Ironic. He’s a sap. She’ll never even know he was here, will she?
(True enough. She never knew.
And then what happened next, well, it happened next, and history, that other word for irony, went its own foul witty way, sang its own foul witty ditty, and the girl was the one who died young in this story.
Riddled. Woodworm. All through him.)
Then the old man confined in the bed in the tree, Daniel, is a boy on a train that’s passing through deep spruce woods. He is thin and small, sixteen summers old but he thinks he’s a man. It’s summer again, he is on the continent, they are all on the continent, things are a little uneasy on the continent. Something’s going to happen. It is already happening. Everybody knows. But everybody is pretending it’s not happening.
All the people on the train can see from his clothes that he’s not from here. But he can speak the language, though none of the strangers round him on the train knows he can, because they don’t know who he is, or who she is, his sister next to him, they don’t know the first thing about them.
The people round them are talking about the necessity of developing a scientific and legal means of gauging exactly who’s what.
There is a professor at the institute, the man sitting across from him says to a woman. And this professor is engaged in inventing a modern tool to record, quite scientifically, certain physical statistics.
Oh? the woman says.
She nods.
Noses, ears, the spaces between, the man across from Daniel says.
He is flirting with that woman.
The measurement of parts of the body, most especially of the features of the head area, can tell you quite succinctly everything you need to know. Eye colour, hair colour, the sizing of foreheads. It’s been done before, but never so expertly, never so exactly. It’s a case in the first place of measuring and collating. But a slightly more complex case, in the long run, of the sifting of the collected statistics.

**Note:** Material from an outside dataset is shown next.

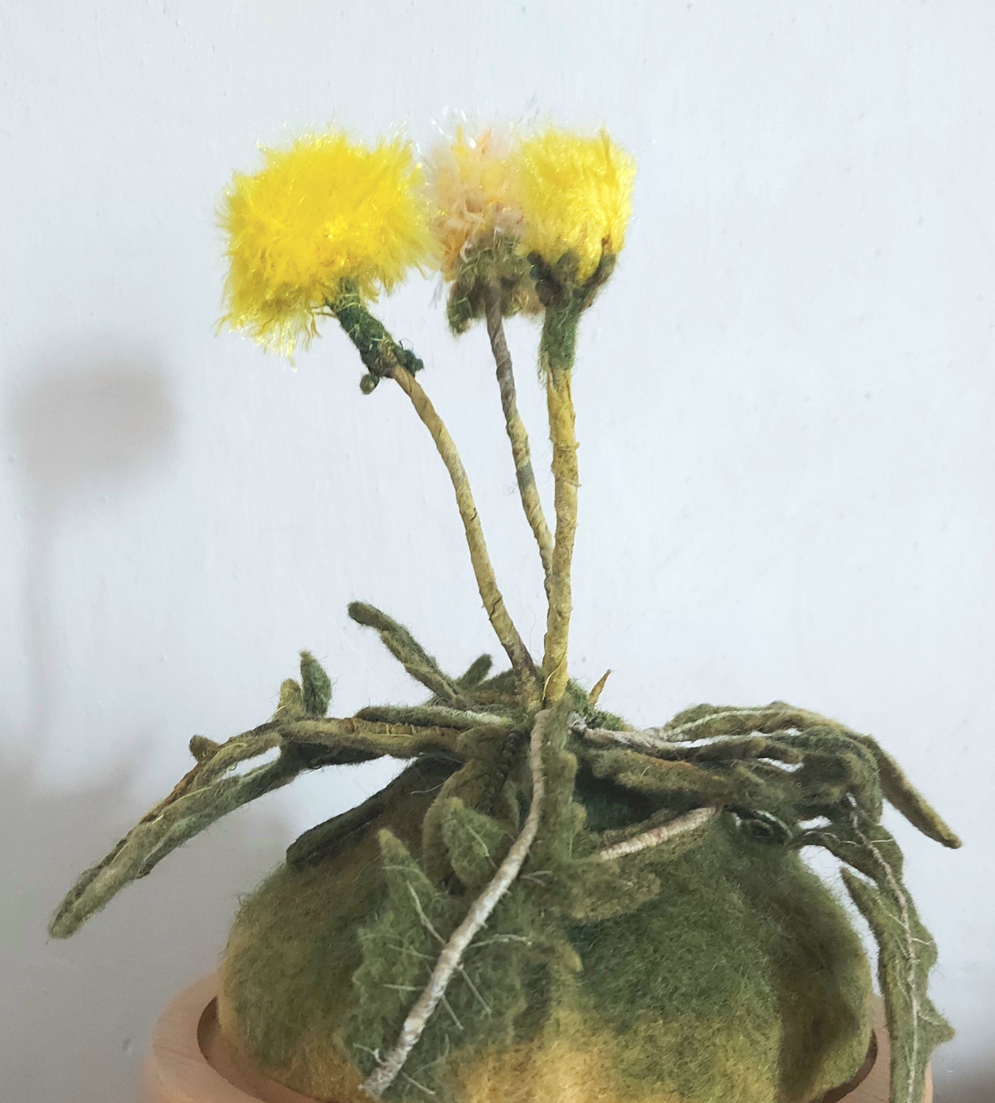 A textile sculpture, housed in a glass dome. Completely hand made using hand dyed plant fibres and wool, all hand stitched.

The boy smiles at his little sister.
She lives here all the time.
She is assiduously reading her book. He nudges her. She looks up from it. He winks.
She speaks it as her first language. She knows the flirting is the thinnest layer. She knows exactly what they’re saying. She turns the page in her book, glances at him then at the people opposite over the top of it.
I hear them. But am I going to let it stop me reading?
She says this in English to her brother. She makes a face at him. Then she glances her whole self back down into the book.
Out in the train corridor, when the boy Daniel goes to relieve himself, there’s a capped and booted man blocking the way. His front is all pockets and straps. His arms are stretched in a leisurely way from one side to the other of the passage through to the toilet and the other carriages. He is swaying with the movement of this train as it moves through the spruce woods and farmland almost as if he’s a working part of its mechanical structure.
Can the sheer breadth of someone’s chest be insidious?
Oh yes it can.
Lazy, sure, he smiles at the boy, the smile of a soldier in repose. He lifts one arm higher so the boy can pass under. As Daniel does, the soldier’s arm comes down just far enough to brush, with the material of his shirt, the hair on the top of his head.
Hopla, the soldier says.
Boy on a train.
Blink of an eye.
Old man in a bed.
The old man in the bed is confined.
Wooden overcoat
(y).
Cut this tree I’m living in down. Hollow its trunk out.
Make me all over again, with what you scooped out of its insides.
Slide the new me back inside the old trunk.
Burn me. Burn the tree. Spread the ashes, for luck, where you want next year’s crops to grow.
Birth me all over again
Burn me and the tree
Next summer’s sun
Midwinter guarantee
It is still July.Elisabeth goes to her mother’s medical practice in the middle of town. She waits in the queue of people. When she gets to the front she tells the receptionist that the GP her mother is registered with is at this practice, that she herself isn’t registered with a GP here but that she’s been feeling unwell so she’d like to talk to a doctor, probably not urgent, but something does feel wrong.